### [Exercise objective]
Where an image appears in the data, omit it and reproduce the rest exactly.

### [Input data]
- - - - - - -
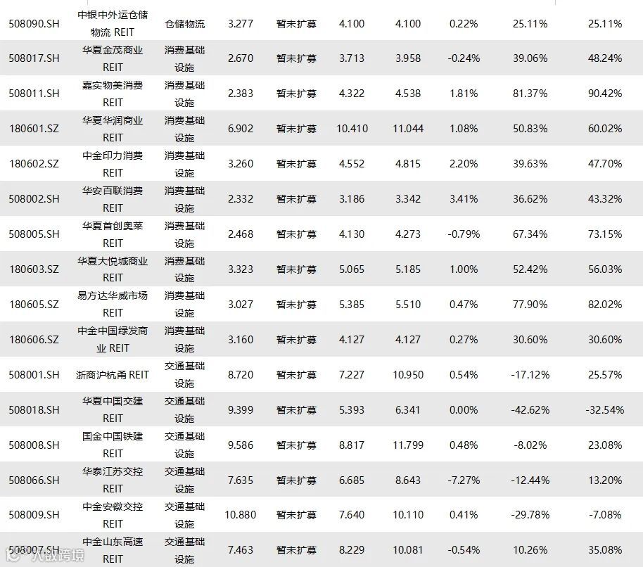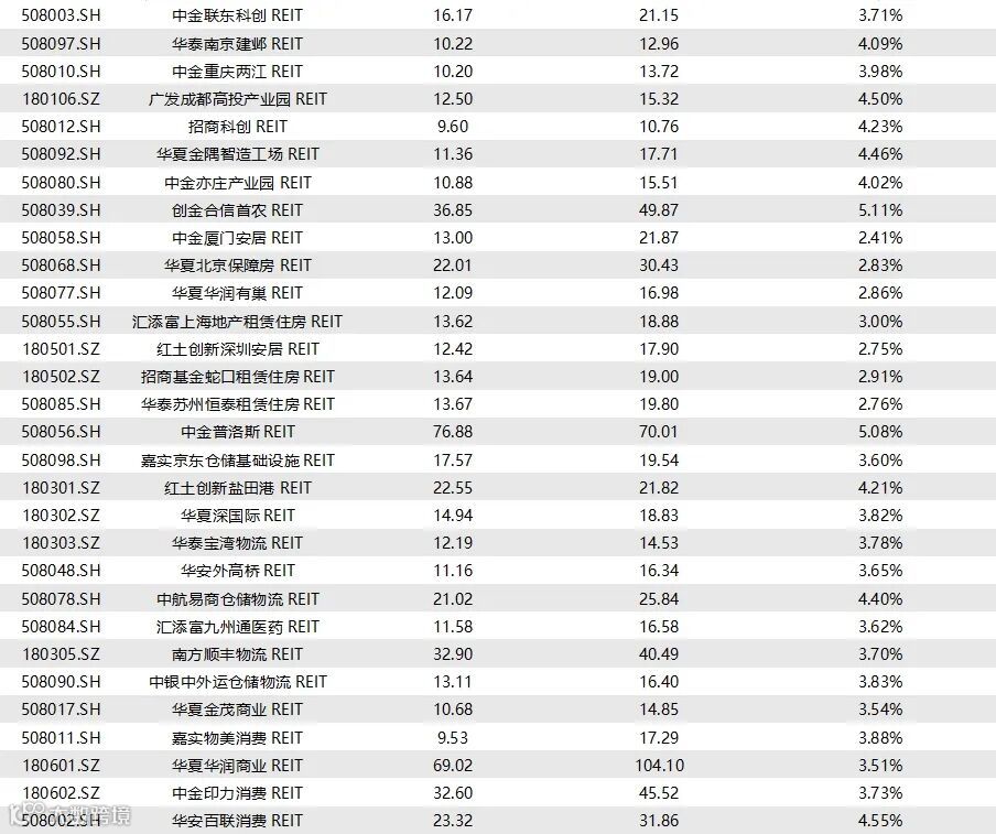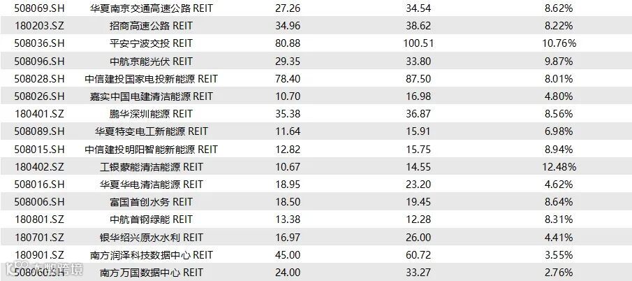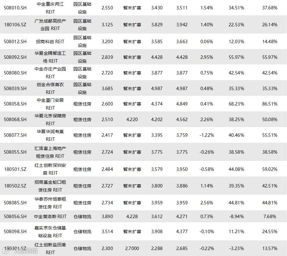 截至9月5日收盘,已上市73只REITs的收益率情况如下表所示:
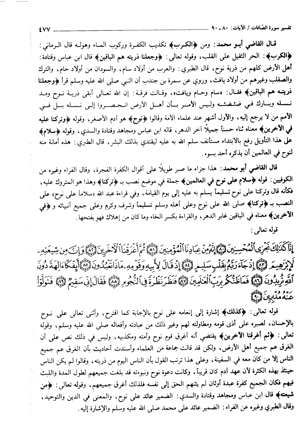إِنَّا كَذلِكَ نَجْزِي الْمُحْسِنِينَ (٨٠) إِنَّهُ مِنْ عِبادِنَا الْمُؤْمِنِينَ (٨١) ثُمَّ أَغْرَقْنَا الْآخَرِينَ (٨٢) وَإِنَّ مِنْ شِيعَتِهِ لَإِبْراهِيمَ (٨٣) إِذْ جاءَ رَبَّهُ بِقَلْبٍ سَلِيمٍ (٨٤)
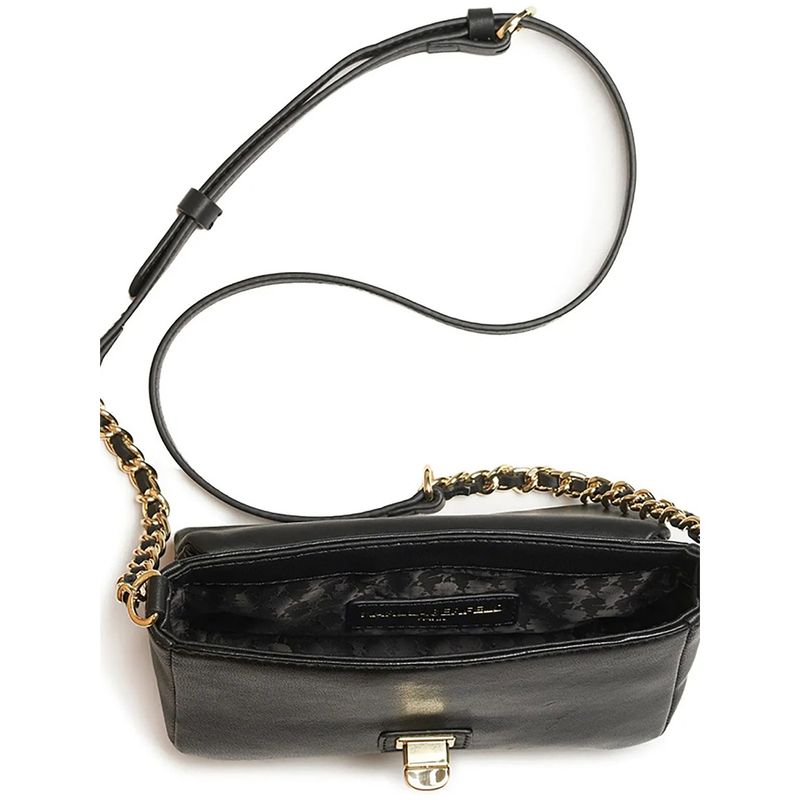 Bolso de cuero acolchado con herrajes metálicos en tono dorado
- - - - - - -
### [Exercise output]
 截至9月5日收盘,已上市73只REITs的收益率情况如下表所示:
إِنَّا كَذلِكَ نَجْزِي الْمُحْسِنِينَ (٨٠) إِنَّهُ مِنْ عِبادِنَا الْمُؤْمِنِينَ (٨١) ثُمَّ أَغْرَقْنَا الْآخَرِينَ (٨٢) وَإِنَّ مِنْ شِيعَتِهِ لَإِبْراهِيمَ (٨٣) إِذْ جاءَ رَبَّهُ بِقَلْبٍ سَلِيمٍ (٨٤)
 Bolso de cuero acolchado con herrajes metálicos en tono dorado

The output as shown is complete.